Figure 3.

Myrosin Cell Development in Leaf Primordia of fama Loss-of-Function Mutants.

(A) Exon-intron organization of FAMA. T-DNA insertions are shown for fama-1 (SALK_100073) and fama-3 (FLAG_485G02). Closed boxes, exons; solid lines, introns.

(B) Quantitative RT-PCR of FAMA in 28 d after germination plants of fama-1, fama-3, and their respective wild-type lines (Col-0 and Ws-4) using Actin2 as a control. Error bars indicate 95% confidence intervals (n = 3).

(C) GUS staining of the rosette leaves of Col-0 and fama-1 plants expressing the myrosin cell markers MYR001:GUS (upper panels) and ProTGG2:GUS (lower panels). The boxed areas in the left panels are enlarged (middle panels).

(D) Quantitative RT-PCR of TGG1 in 28 d after germination plants of fama-1, fama-3, and their respective wild-type lines (Col-0 and Ws-4) using Actin2 as a control. Error bars indicate 95% confidence intervals (n = 3).
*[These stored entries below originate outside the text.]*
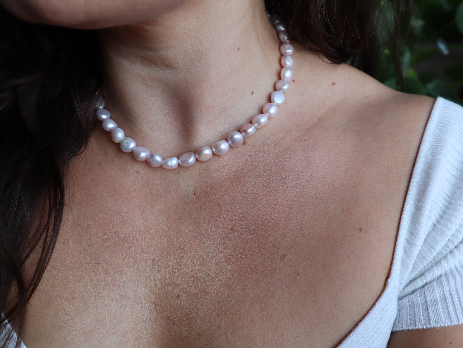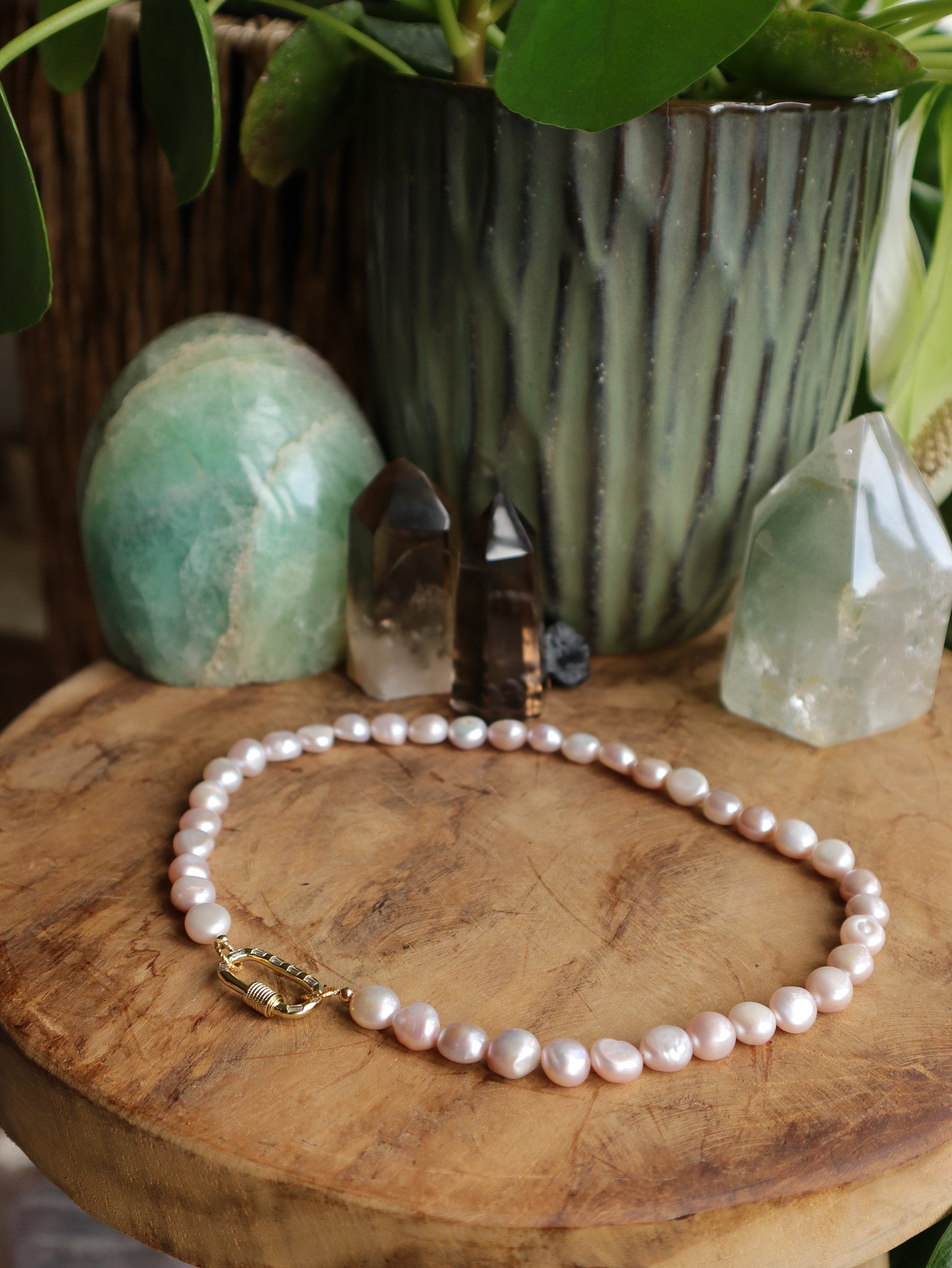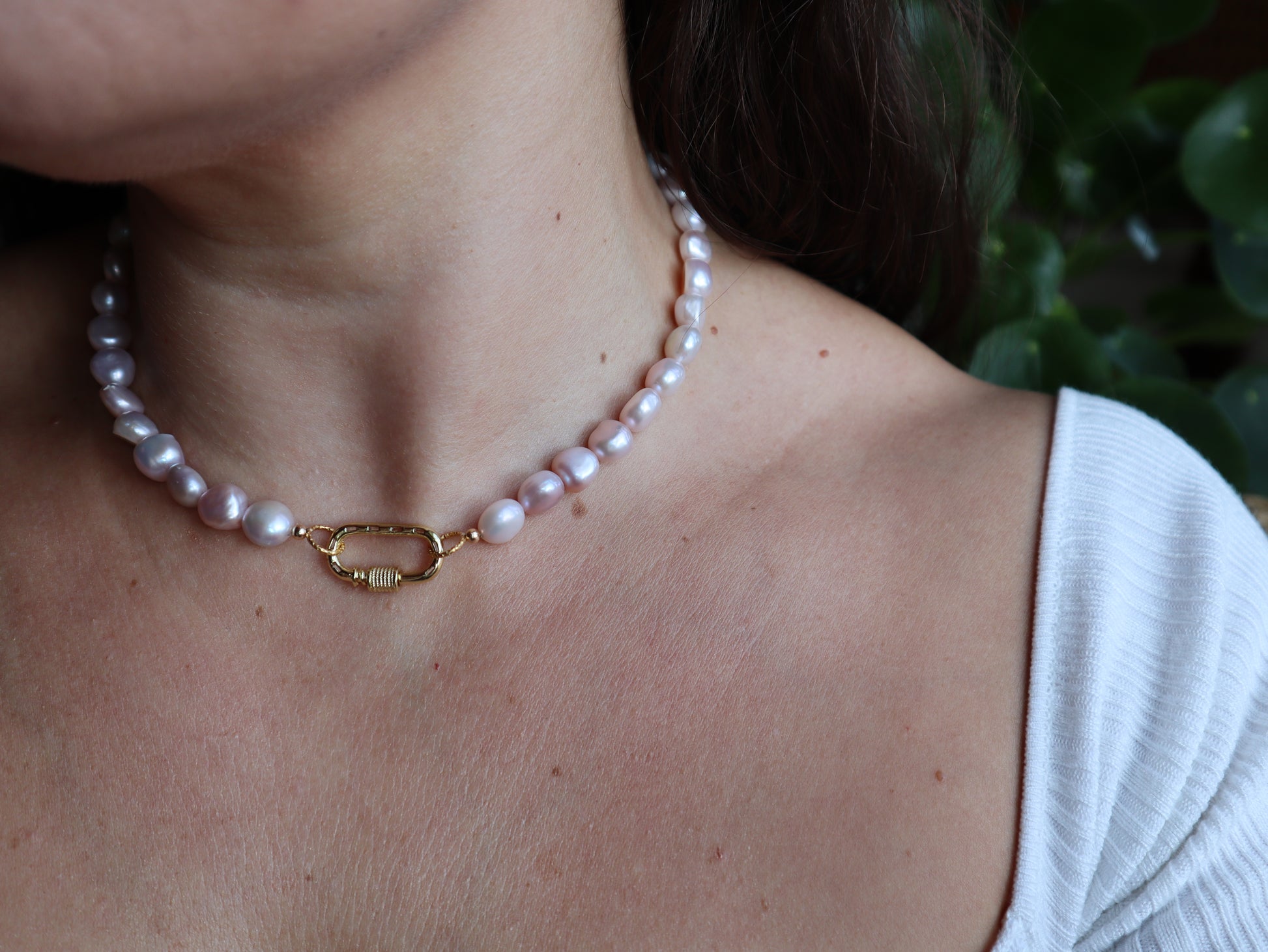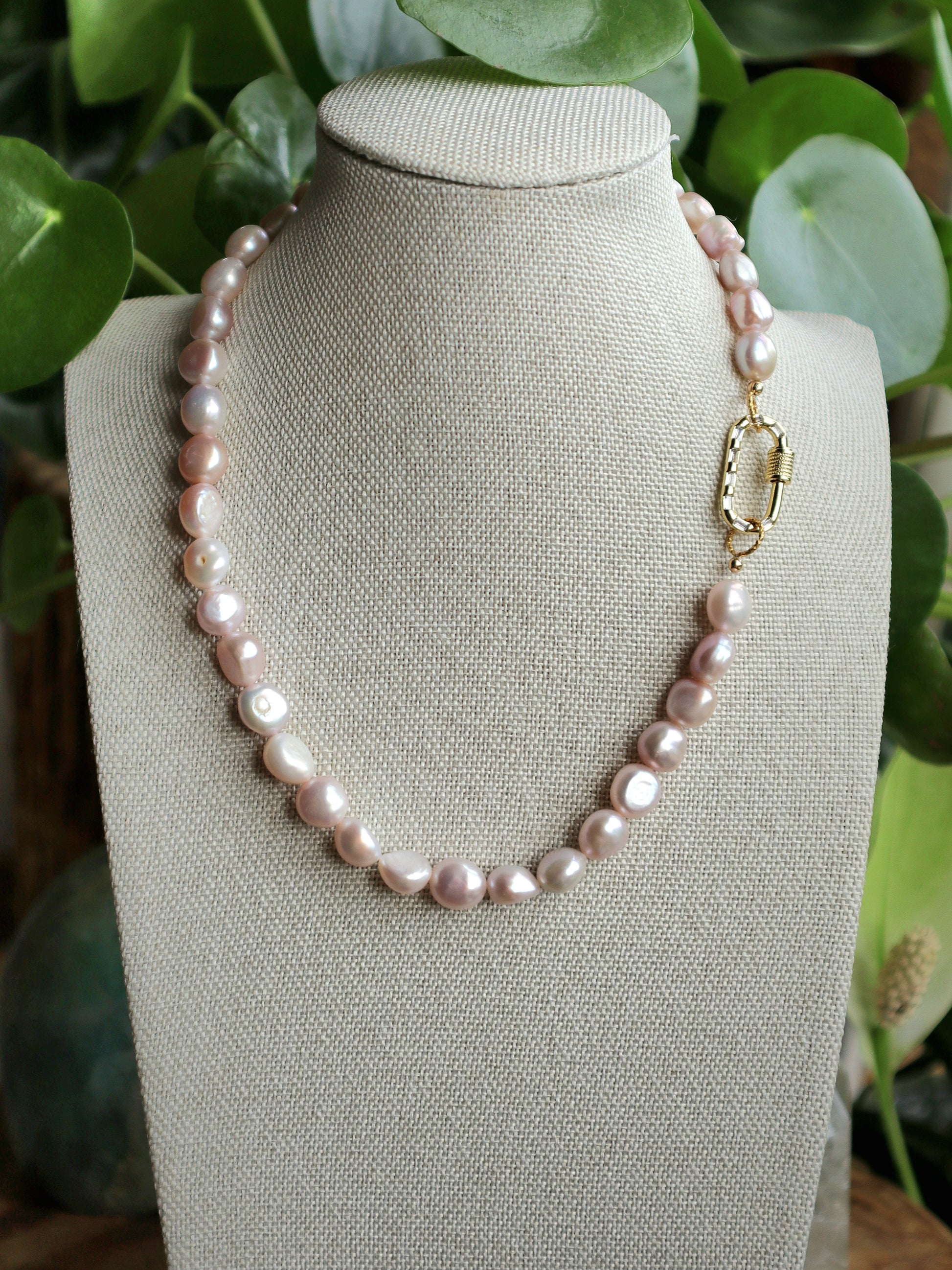 Rosè Süßwasserperlen Kette mit vergoldeten Karabiner Lock Anhänger
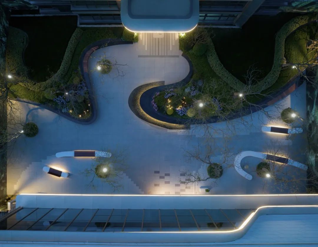 从堂客厅连廊出来到入户门头之间的步道采用曲线型流线,增加业主在精致的景观中的停留时间,为业主的归家增添了一份趣味性。同时,规划的道路设计与立面的曲线性和流线感相呼应,与造型设计达成统一。
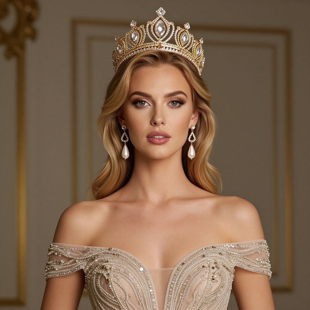 Elegant blonde woman wearing a sparkling gold crown adorned with intricate diamond details, complemented by dangling pearl earrings and a sheer off-the-shoulder gown embellished with delicate beadwork, exuding regal sophistication.
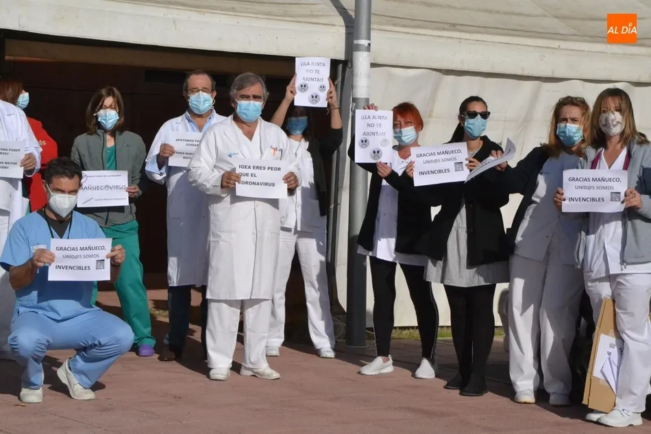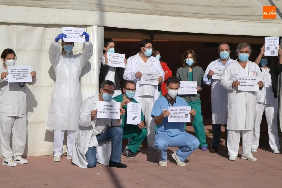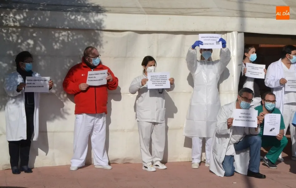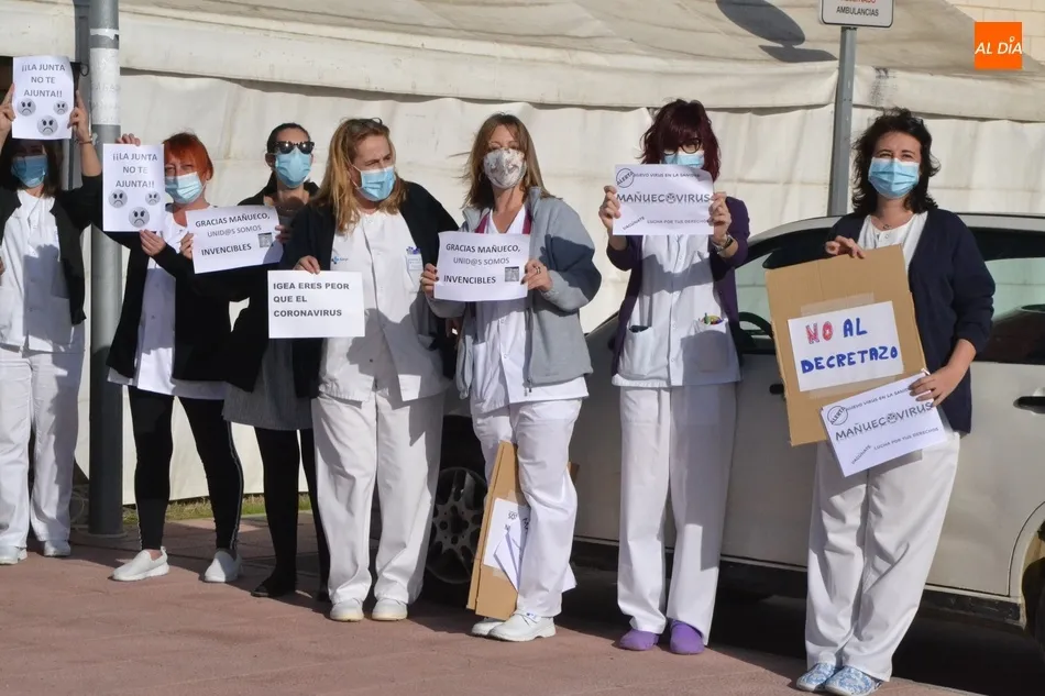 Desde el punto de vista de los trabajadores sanitarios, este Decreto, denominado ampliamente como ?Decretazo?, ?nos impone una pérdida de derechos abusiva y total, nunca antes vista, en condiciones de trabajo y personal?, según se resaltó en el comunicado leído por una de las profesionales del Centro, mientras el resto de sus compañeros sostenía distintos carteles de protesta con mensajes claros y directos como Mañuecovirus o Igea, eres peor que el coronavirus.

(E) Immunoblot analysis of rosette leaves (upper panel) and stems and flowers (lower panel) of fama-1, fama-3, and their respective wild-type lines (Col-0 and Ws-4) with anti-TGG1 antibody (left panels) and anti-TGG2 antibody (right panel).

(F) GUS staining of the rosette leaves of F1 progenies of Col-0 × Ws-4 (left panel) and fama-1 × fama-3 (right panel), both of which expressed MYR001:GUS.

(G) Immunoblot analysis of rosette leaves of the indicated F1 progenies with anti-TGG1 antibody (upper) and anti-TGG2 antibody (lower).